Is council housing a bad thing?

Today I had a conversation with Libby from O2′s Community Foundation, because I was referee for a funding application that MaD Theatre Company had lodged.  MaD works with young people living in working-class neighbourhoods in north Manchester. Libby was telling me about a similar initiative in Maidstone, Kent, based on, in her words ‘one of those 1960s estates that seems to have inherited – or maybe caused – so many problems’.

Libby’s words, and her uncertainty about who was to blame for those problems, made me think about council housing.

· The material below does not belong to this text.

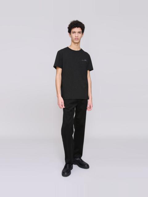 - Unisex model. - Straight cut. - Crew neck. - Small black 'A.P.C. ITEM 001' printed logo. - 100% organic cotton. Size Advice - Sofi is 5'10 tall and is wearing size S. - Tim is 6'2 tall and is wearing size M. Composition & Material - 100% cotton. - Made in Turkey. - Machine wash cold (86°F) inside-out.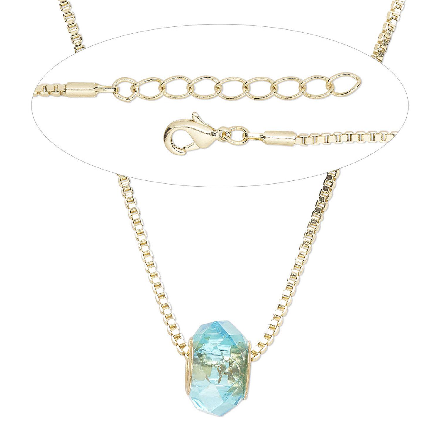 Necklace, Everyday Jewelry™, brass and crystal, turquoise blue rondelle on gold-finished chain with lobster claw clasp, 20 inches. Sold individually.

As the credit crunch bites – if a crunch can bite – we’re hearing about schemes to help home owners hang onto their houses. What the government and the Conservative opposition don’t seem to be contemplating is an expansion of council housing. Council estates – which not all council houses were, or are, located on  - are often portrayed as ‘sink estates’. Yet the memories on this site suggest people welcomed council housing as a more secure, better-maintained form of housing than privately rented accommodation. What those who moved to estates like Speke or Kirkby in Liverpool found, though, was that they didn’t have many amenities like shops or libraries or schools or parks. These amenities only became more scarce as the years went by and Conservative governments demanded public spending cuts.

I don’t know what historians should focus on – the problems that people living on these estates have had to contend with, or the fact that, despite the problems, many of them carved out satisfying lives and have happy memories of the communities they made there. But we do need to highlight social housing as a crucial issue, even if politicians ignore this.